Though previous work has already identified the overfitting problem, it has three main shortcomings. First, the scale of out-of-domain evaluation has been small and homogeneous: WikiCoref only contains 30 documents with \sim60K tokens, much smaller than the OntoNotes test set, and the single genre Wiki domain in both WikiCoref and GAP is arguably not very far from some OntoNotes materials. Second, pretrained LMs, e.g. BERT Devlin et al. (2019), popularized after the WikiCoref paper, can learn better representations of markables and surrounding sentences. Aside from GAP, which targets a highly specific subtask, no study has investigated whether contextualized embeddings encounter the same overfitting problem identified by Moosavi and Strube. Third, previous work may underestimate the performance degradation on WikiCoref in particular due to bias: In Moosavi and Strube (2018), embeddings were also trained on Wikipedia themselves, potentially making it easier for the model to learn coreference relations in Wikipedia text, despite limitations in other genres.

In this paper, we explore the generalizability of existing coreference models on a new benchmark dataset, which we make freely available.

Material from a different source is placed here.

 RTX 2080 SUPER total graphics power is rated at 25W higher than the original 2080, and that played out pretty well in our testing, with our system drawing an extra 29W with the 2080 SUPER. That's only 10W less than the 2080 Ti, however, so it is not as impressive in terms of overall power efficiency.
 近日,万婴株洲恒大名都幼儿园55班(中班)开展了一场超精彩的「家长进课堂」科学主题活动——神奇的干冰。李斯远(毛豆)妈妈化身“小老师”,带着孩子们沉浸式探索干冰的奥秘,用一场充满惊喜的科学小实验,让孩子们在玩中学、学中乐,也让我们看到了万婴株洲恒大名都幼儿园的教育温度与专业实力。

Compared with work using WikiCoref and GAP, our contributions can be summarized as follows:

  • We propose OntoGUM, the largest open, gold standard dataset consistent with OntoNotes, with 168 documents (\sim150K tokens, 19,378 mentions, 4,471 coref chains) in 12 genres,111Written: News/Fiction/Bio/Academic/Forum/Travel/How-to/Textbook; Spoken: Interview/Political/Vlog/Conversation. including conversational genres, which complement OntoNotes for training and evaluation.

  • We show that the SOTA neural model with contextualized embeddings encounters nearly 15% performance degradation on OntoGUM, showing that the overfitting problem is not overcome by contextualized language models.

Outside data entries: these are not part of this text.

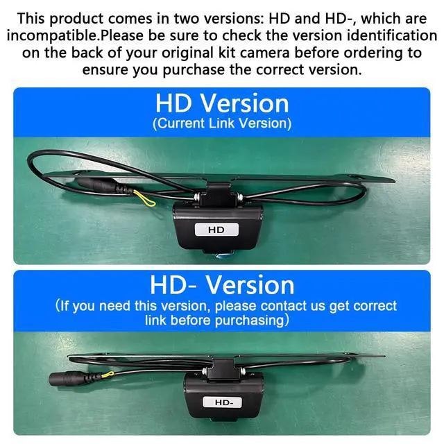 Pre-Purchase Support Attachment: The current link version is 'HD', please check if the version on the back of your original kit camera is 'HD' to ensure a perfect match. If you need 'HD-'version, please contact us. Unsure about which version ('HD' or 'HD-'') you need or dont know how to pair signal ? Please contact us before purchasing.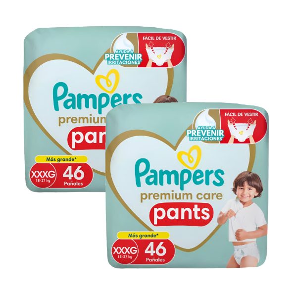 Talle XXXG de 18 a 27 kg Esta nueva opción combina la reconocida calidad del pañal más suave y seco de Pampers, con la ligereza y el confort del formato Pants, que facilita la tarea de cambiar a los bebés, incluso cuando están en movimiento. Los Pampers Premium Care Pants garantizan hasta 12 horas de protección, gracias a su ajuste anatómico con cobertura 360 y la mejor cinta de cintura del mercado, que brindan una mayor libertad de movimientos y un nuevo nivel de confort al bebé. Además, su textura suave como algodón permite que su piel respire mejor, previniendo las típicas paspaduras provocadas por la humedad.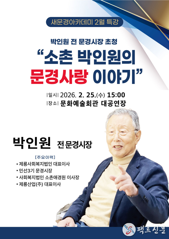 이번 특강은 박인원 전 문경시장을 초청하여 「소촌 박인원의 문경사랑 이야기」를 주제로 진행되며, 대담 형식으로 운영된다.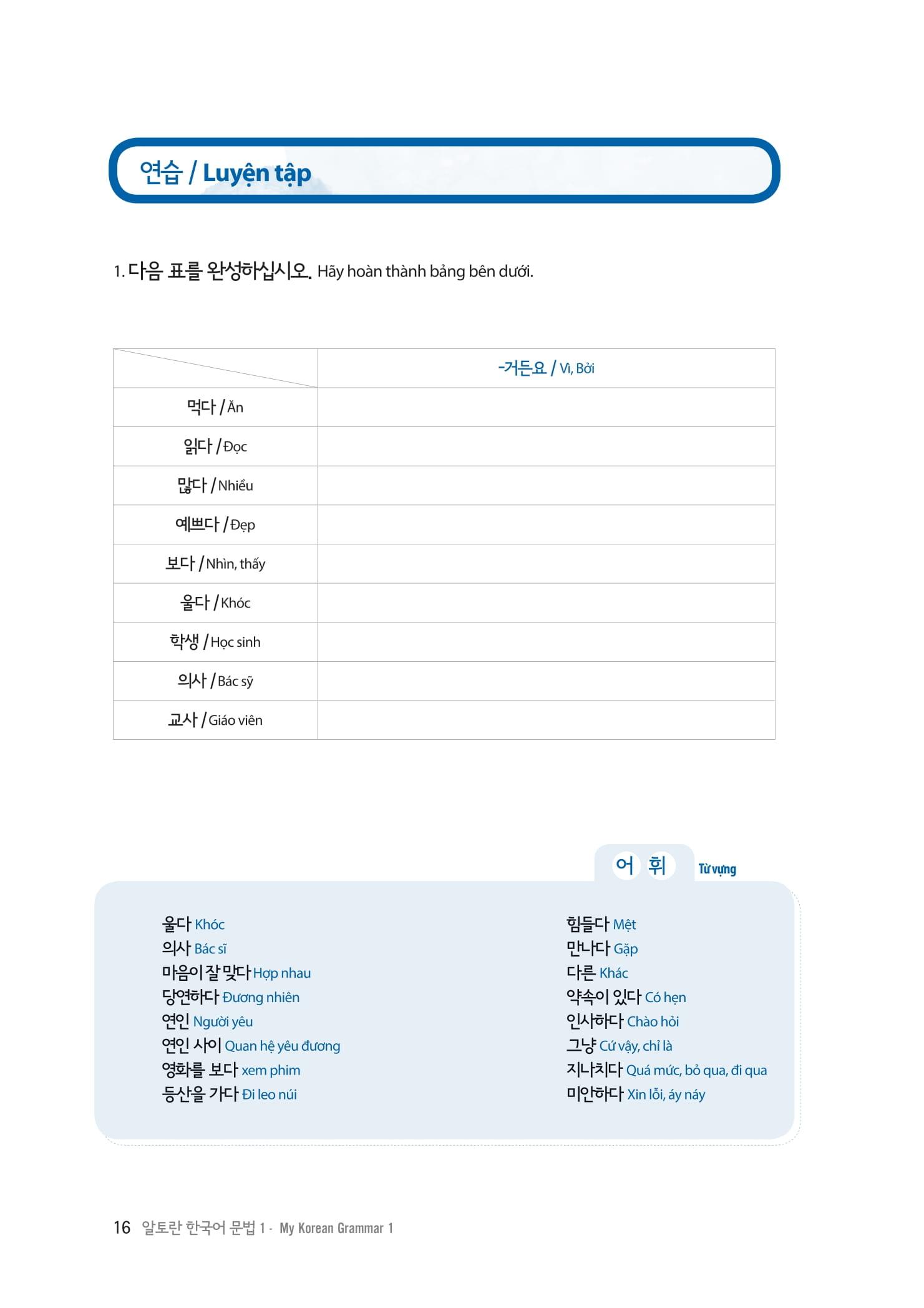 Tiếng Hàn Tổng Hợp Dành Cho Người Việt Nam - Sơ Cấp 1 - Sách Bài Tập Nếu bạn đã có trong tay cuốn Giáo trình tiếng Hàn tổng hợp dành cho người Việt Nam

  • We give a genre-by-genre analysis for two popular systems, revealing relative strengths and weaknesses of current approaches and the range of easier/more difficult targets for coreference resolution.

2 Related Work

OntoNotes and similar corpora

OntoNotes is a human-annotated corpus with documents annotated with multiple layers of linguistic information including syntax, propositions, named entities, word senses, and within-document coreference (Weischedel et al., 2011; Pradhan et al., 2013). It covers three languages---English, Chinese and Arabic. The English subcorpus has 3,493 documents and \sim1.6 million words annotated for coreference. WikiCoref, which is annotated for anaphoric relations, has 30 documents from English Wikipedia Ghaddar and Langlais (2016), containing 7,955 mentions in 1,785 chains, following OntoNotes guidelines.

GUM

The Georgetown University Multilayer (GUM) corpus (Zeldes, 2017) is an open-source corpus of richly annotated texts from 12 genres, including 168 documents and over 150K tokens. Though it originally contains more coreference phenomena than OntoNotes using more exhaustive guidelines, it also contains rich syntactic, semantic and discourse annotations which allow us to create the OntoGUM dataset described below. The syntactic annotations, which consist of manually annotated Universal Dependencies trees de Marneffe et al. (2021), are particularly useful in analyzing and converting the GUM corpus. We also note that due to its smaller size (currently about 10% the size of the OntoNotes coreference dataset), it is not possible to train SOTA neural approaches directly on this dataset while maintaining strong performance.

Other corpora

As mentioned above, GAP is a gender-balanced labeled corpus of ambiguous pronoun-name pairs, used for out-of-domain evaluation but limited in coreferent types and genre. Several other comprehensive coreference datasets exist as well, such as ARRAU Poesio et al. (2018) and PreCo Chen et al. (2018), but these corpora cannot be used for out-of-domain evaluation because they do not follow the OntoNotes scheme. Their conversion has not been attempted to date.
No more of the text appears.